§ **Task instructions**
When you copy the data that follows, reproduce every word exactly and leave out the images.

§ **Information shown**
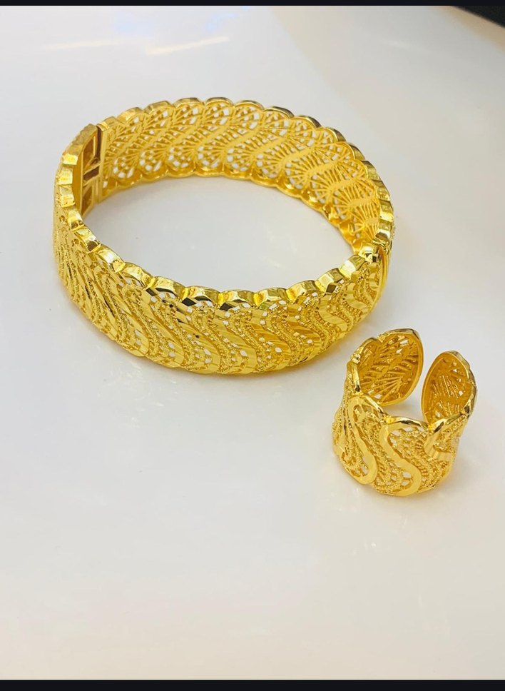 pirinç üzerine altın kaplama bileklik ve yüzük seti. Düğünler için uygun, renkli ve gösterişli, aynı zamanda sade bir tarz sunar. ✨ kimyasallardan uzak tutunuz!!
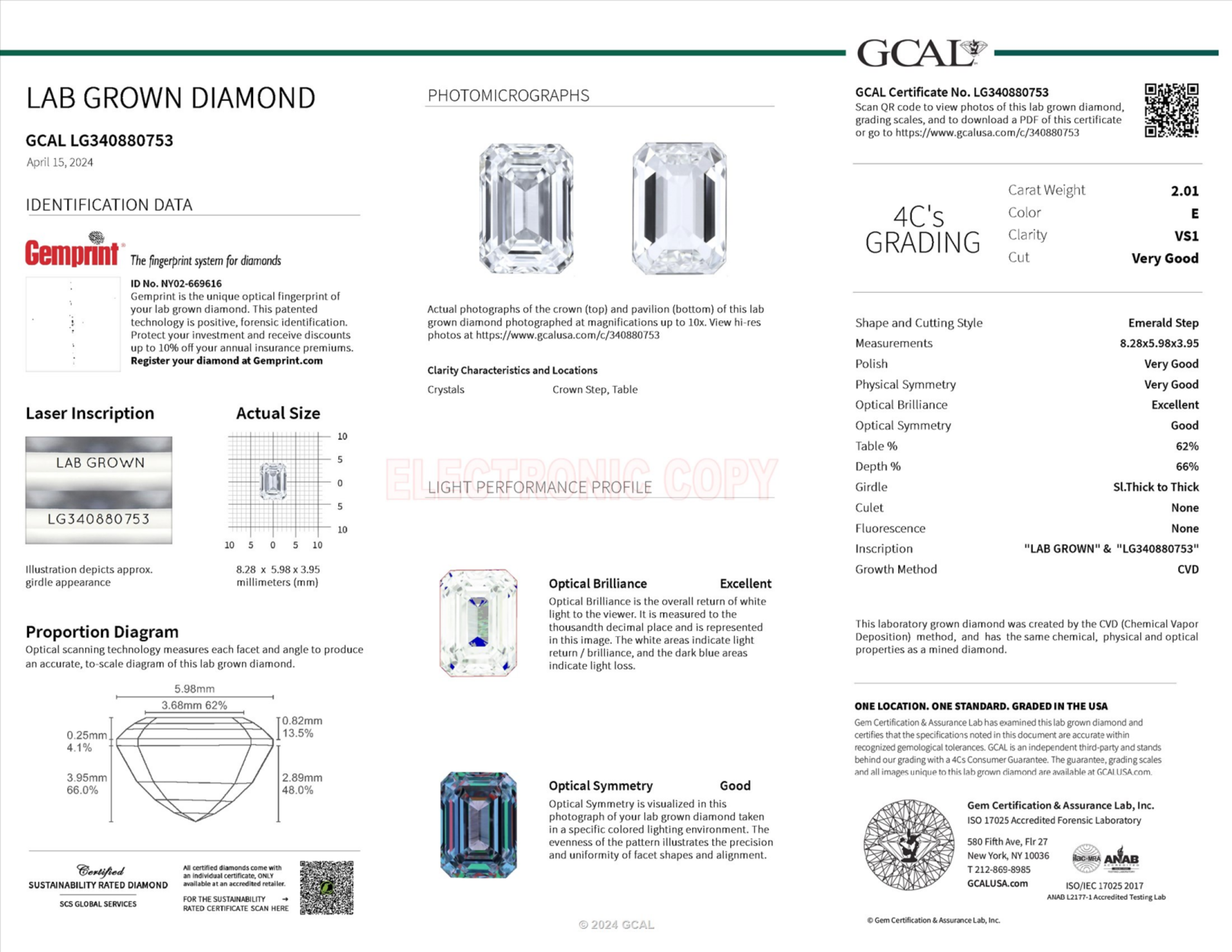Your 2.01 carat Emerald lab diamond is graded E color (Colorless), and you can read more about E color diamonds here.
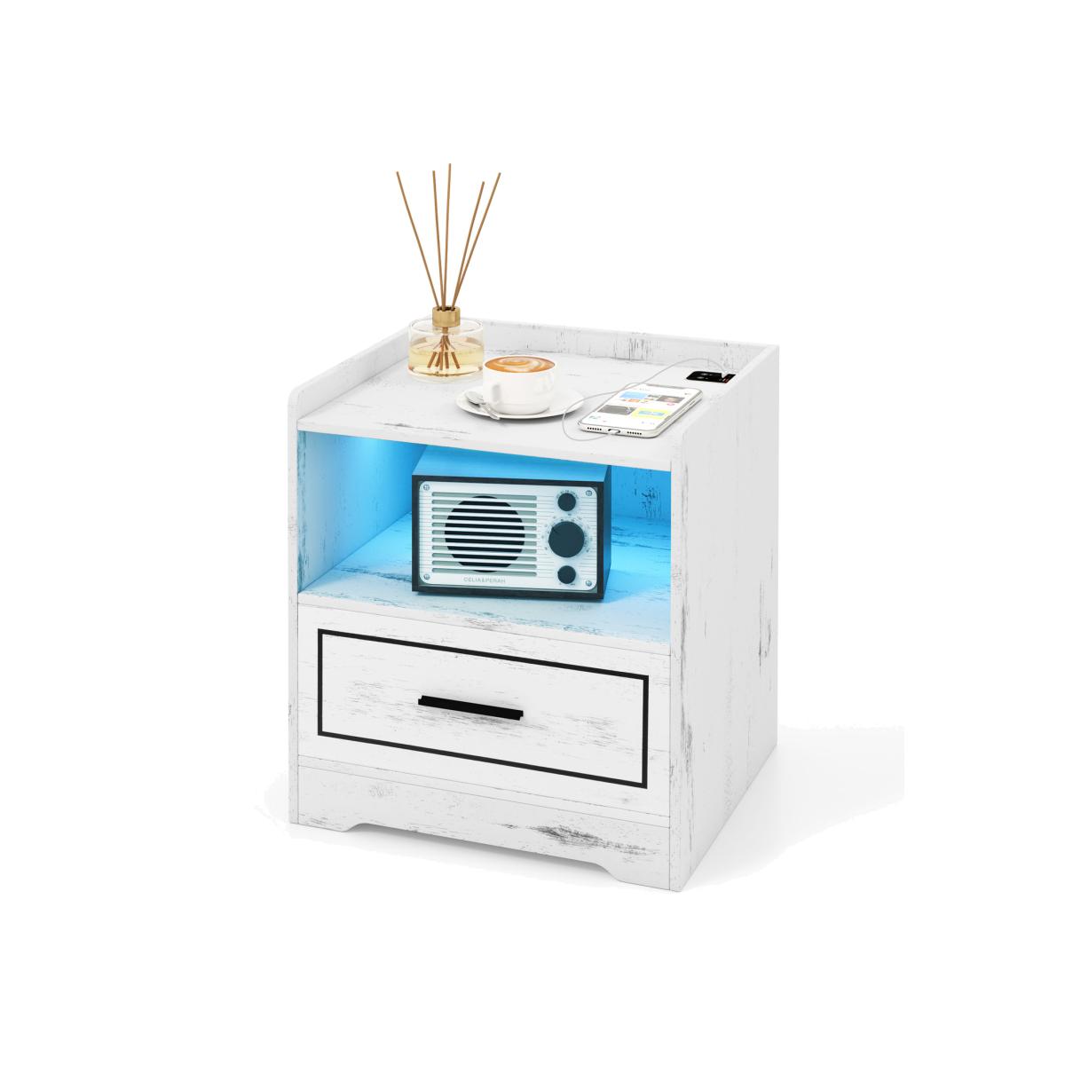 This upgraded LED nightstand features 3 light colours with adjustable brightness, which create a fantastic ambience in your bedroom in the darkness. When the people approach within 1 m, the light will auto-turn on. When the people leave after 30 s, the light will auto-turn off. There is a USB port and type-C socket to provide fast charging options for electronics. In addition to the drawer, this sofa side table also offers a tabletop and open shelf, where you can store and display decorative items and bedtime essentials.
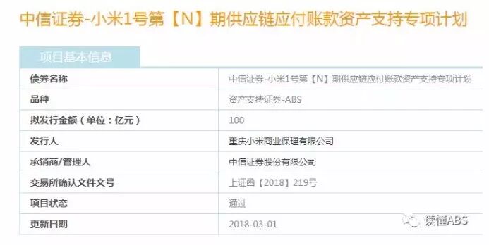 3月2日,小米公司供应链金融资产支持证券100亿元储架发行取得上海证券交易所无异议函,成为国内首单支持新经济企业供应链金融的资产支持证券,首期拟发行规模5亿元。此单项目的成功推出,是上交所在证监会的统一领导下,贯彻落实支持新经济发展,推动供应链金融服务实体经济的重要举措。
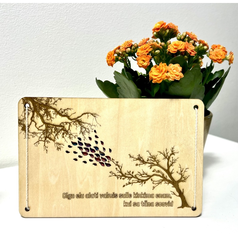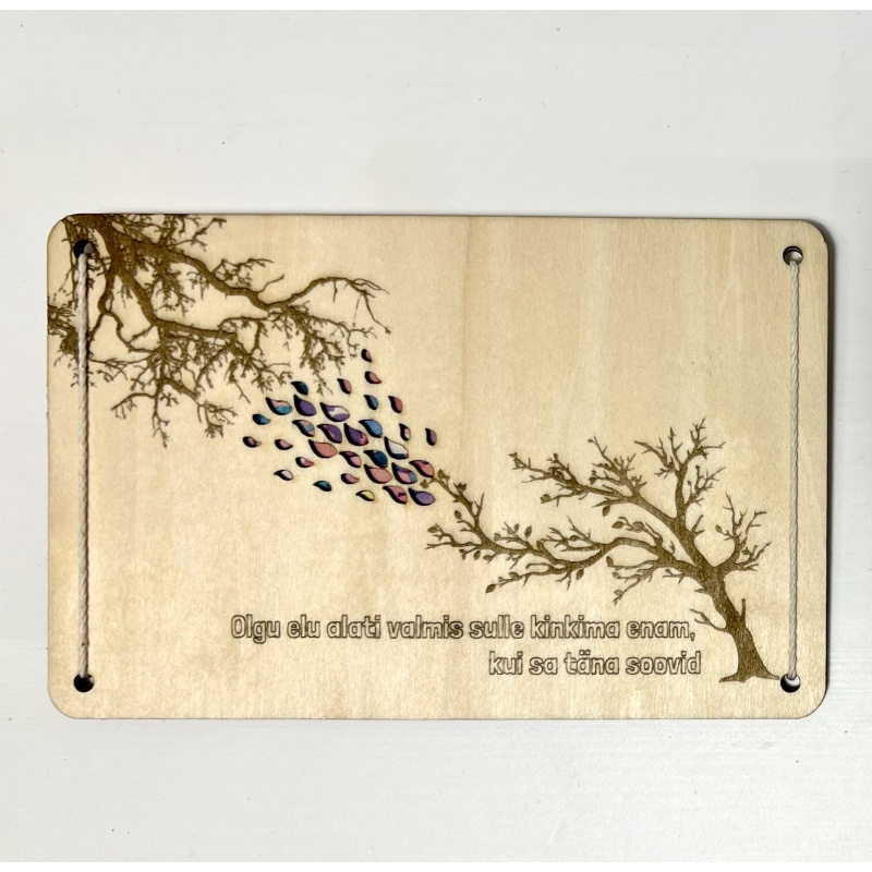 Sümboolne ja tähenduslik puidust kaart eriliste hetkede tähistamiseks. Kaarti kaunistavad puuoksad ja langevad lehed – kujund, mis kannab endas kasvu, muutuste ja unistuste täitumise sümbolit.
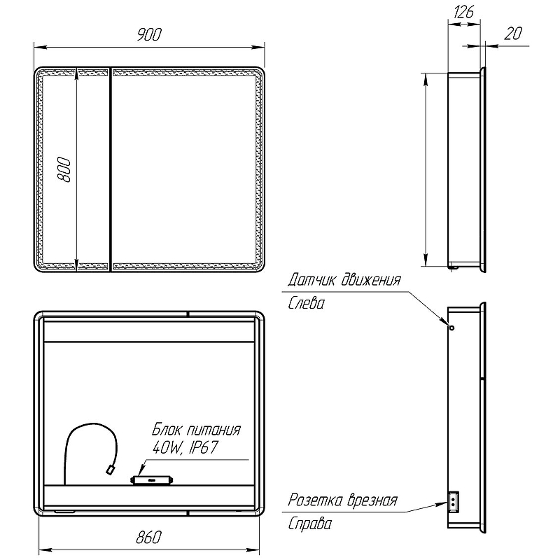 Зеркало-шкаф Element 90х80 см LM90ZS-E Lemark
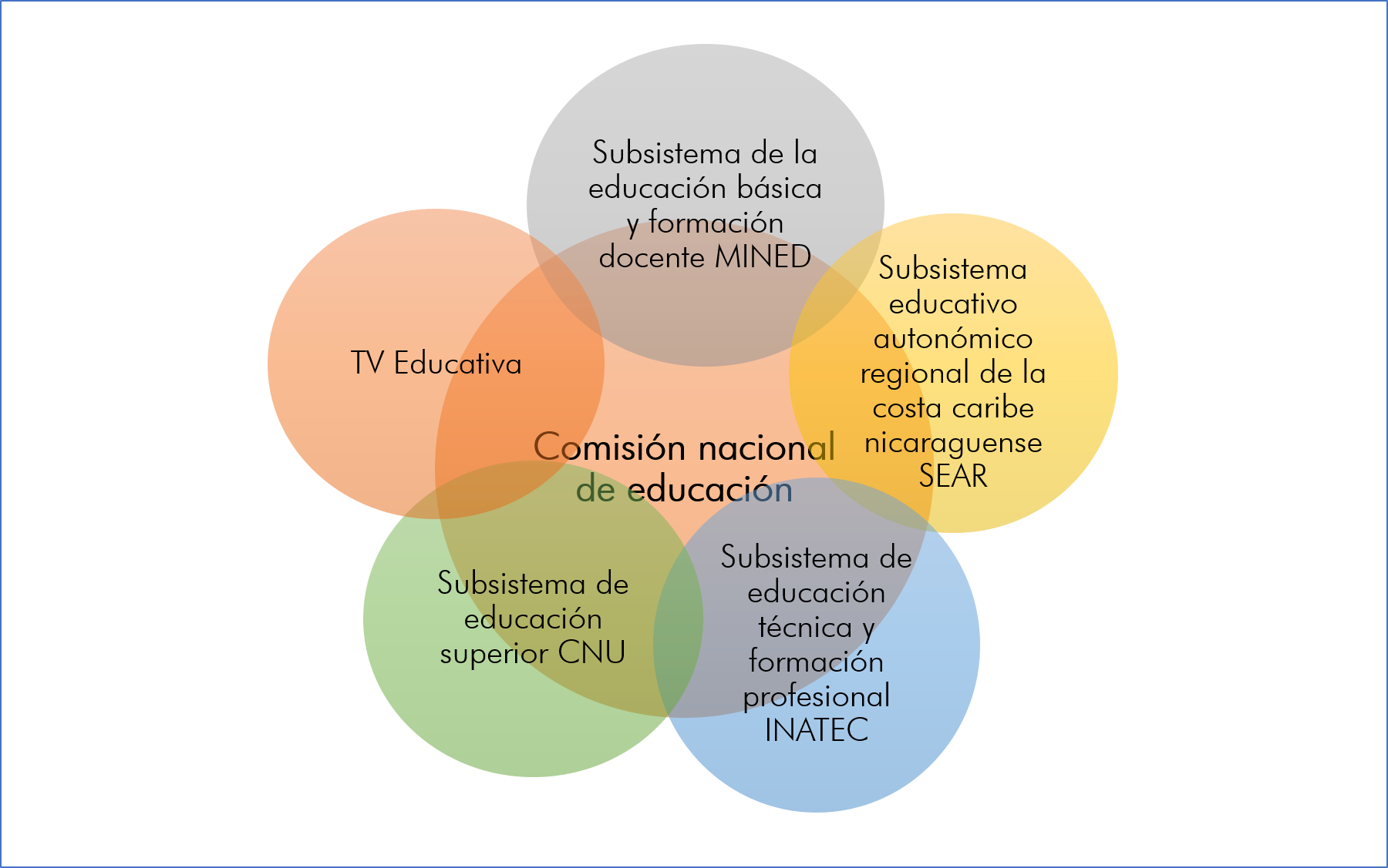 La articulación del Sistema Educativo Nacional permite sumar capacidades del CNU, INATEC y MINED para fortalecer la calidad educativa, aportar la coherencia del sistema y al desarrollo de capacidades para alcanzar impactos en los aprendizajes. La Comisión Nacional de Educación es el espacio para el trabajo conjunto y la propuesta de políticas educativas para la toma de decisiones de la Presidencia de la República. (MINED, 2017, pág. 45)
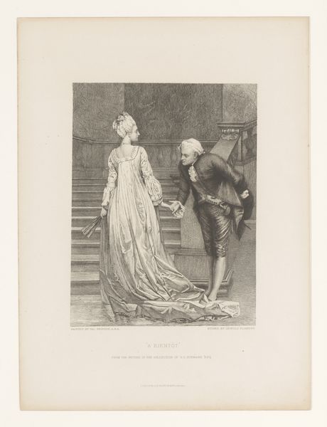Editor: This is Honoré Daumier’s lithograph, "He delights in the ball, plate 10 from Les Banqueteurs," created in 1849. It’s currently held at The Art Institute of Chicago. The movement within the image is captivating, particularly how Daumier uses line to create form and gesture. How would you interpret Daumier’s compositional choices? Curator: Note the strategic deployment of light and shadow across the image plane. Daumier directs the viewer’s gaze by placing darker forms—particularly the male figure and his garb—in sharp contrast to the lighter dress of his partner. The arrangement suggests a clear focal point. Furthermore, the figures in the background seem flattened, lacking individual detail, which concentrates our attention on the couple in the foreground. Consider also the lines; are they economical or elaborate? Editor: They appear quite economical to me. The background figures are created with very few lines each, almost like shorthand. While the main subjects have denser cross-hatching, even that is relatively sparse. Does this choice influence the overall mood? Curator: It does. The sparse, almost hurried lines impart a sense of immediacy and transience. The lack of meticulous detail forces the viewer to engage actively, to fill in the gaps, and interpret Daumier’s intent. In other words, Daumier privileges gesture and essence over photorealistic depiction. This technique anticipates modernist sensibilities regarding form and function. Is this pursuit successful? Editor: I find the artwork successfully conveys an animated feeling, while creating narrative through just a few structured marks. Thank you. Curator: A fitting conclusion; note how Daumier uses only line and tone to distill such rich dynamism, indicative of an artist masterful in exploiting the medium.
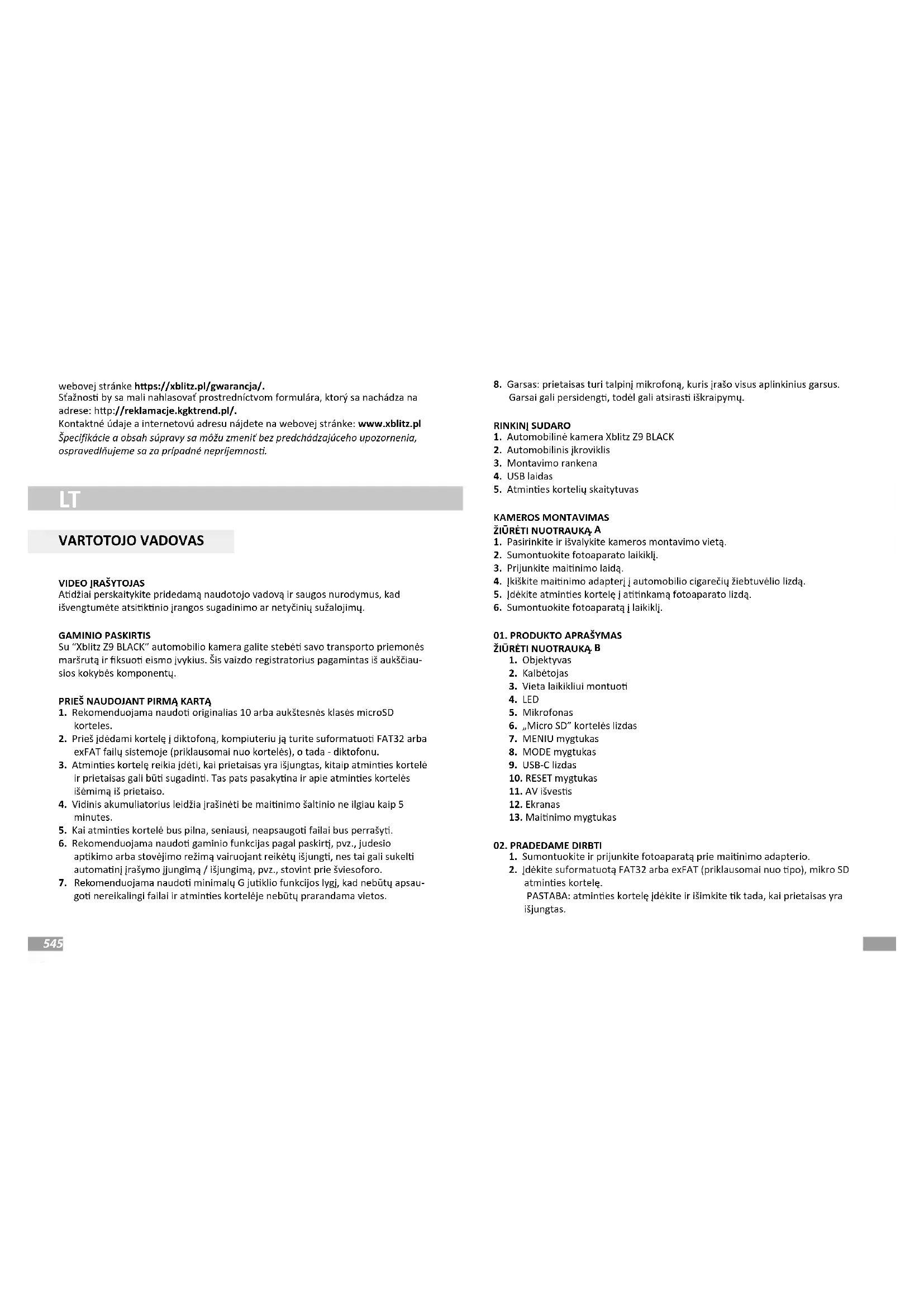 Produktui suteikiama 24 mėnesių garanja. Garanjos sąlygas rasite svetainėje hps://xblitz.pl/gwarancja/. Apie skundus reikėtų praneš naudojant formą, esančią adresu: hp://reklamacje.kgktrend.pl/. Kontaknę informaciją ir interneto svetainės adresą galima ras interneto svetainė- je www.xblitz.pl. Specikacijos ir rinkinio turinys gali keiss be išanksnio įspėjimo, atsiprašome už nepatogumus.

§ **Written response**
 pirinç üzerine altın kaplama bileklik ve yüzük seti. Düğünler için uygun, renkli ve gösterişli, aynı zamanda sade bir tarz sunar. ✨ kimyasallardan uzak tutunuz!!
Your 2.01 carat Emerald lab diamond is graded E color (Colorless), and you can read more about E color diamonds here.
 This upgraded LED nightstand features 3 light colours with adjustable brightness, which create a fantastic ambience in your bedroom in the darkness. When the people approach within 1 m, the light will auto-turn on. When the people leave after 30 s, the light will auto-turn off. There is a USB port and type-C socket to provide fast charging options for electronics. In addition to the drawer, this sofa side table also offers a tabletop and open shelf, where you can store and display decorative items and bedtime essentials.
 3月2日,小米公司供应链金融资产支持证券100亿元储架发行取得上海证券交易所无异议函,成为国内首单支持新经济企业供应链金融的资产支持证券,首期拟发行规模5亿元。此单项目的成功推出,是上交所在证监会的统一领导下,贯彻落实支持新经济发展,推动供应链金融服务实体经济的重要举措。
 Sümboolne ja tähenduslik puidust kaart eriliste hetkede tähistamiseks. Kaarti kaunistavad puuoksad ja langevad lehed – kujund, mis kannab endas kasvu, muutuste ja unistuste täitumise sümbolit.
 Зеркало-шкаф Element 90х80 см LM90ZS-E Lemark
 La articulación del Sistema Educativo Nacional permite sumar capacidades del CNU, INATEC y MINED para fortalecer la calidad educativa, aportar la coherencia del sistema y al desarrollo de capacidades para alcanzar impactos en los aprendizajes. La Comisión Nacional de Educación es el espacio para el trabajo conjunto y la propuesta de políticas educativas para la toma de decisiones de la Presidencia de la República. (MINED, 2017, pág. 45)
Editor: This is Honoré Daumier’s lithograph, "He delights in the ball, plate 10 from Les Banqueteurs," created in 1849. It’s currently held at The Art Institute of Chicago. The movement within the image is captivating, particularly how Daumier uses line to create form and gesture. How would you interpret Daumier’s compositional choices? Curator: Note the strategic deployment of light and shadow across the image plane. Daumier directs the viewer’s gaze by placing darker forms—particularly the male figure and his garb—in sharp contrast to the lighter dress of his partner. The arrangement suggests a clear focal point. Furthermore, the figures in the background seem flattened, lacking individual detail, which concentrates our attention on the couple in the foreground. Consider also the lines; are they economical or elaborate? Editor: They appear quite economical to me. The background figures are created with very few lines each, almost like shorthand. While the main subjects have denser cross-hatching, even that is relatively sparse. Does this choice influence the overall mood? Curator: It does. The sparse, almost hurried lines impart a sense of immediacy and transience. The lack of meticulous detail forces the viewer to engage actively, to fill in the gaps, and interpret Daumier’s intent. In other words, Daumier privileges gesture and essence over photorealistic depiction. This technique anticipates modernist sensibilities regarding form and function. Is this pursuit successful? Editor: I find the artwork successfully conveys an animated feeling, while creating narrative through just a few structured marks. Thank you. Curator: A fitting conclusion; note how Daumier uses only line and tone to distill such rich dynamism, indicative of an artist masterful in exploiting the medium.
 Produktui suteikiama 24 mėnesių garanja. Garanjos sąlygas rasite svetainėje hps://xblitz.pl/gwarancja/. Apie skundus reikėtų praneš naudojant formą, esančią adresu: hp://reklamacje.kgktrend.pl/. Kontaknę informaciją ir interneto svetainės adresą galima ras interneto svetainė- je www.xblitz.pl. Specikacijos ir rinkinio turinys gali keiss be išanksnio įspėjimo, atsiprašome už nepatogumus.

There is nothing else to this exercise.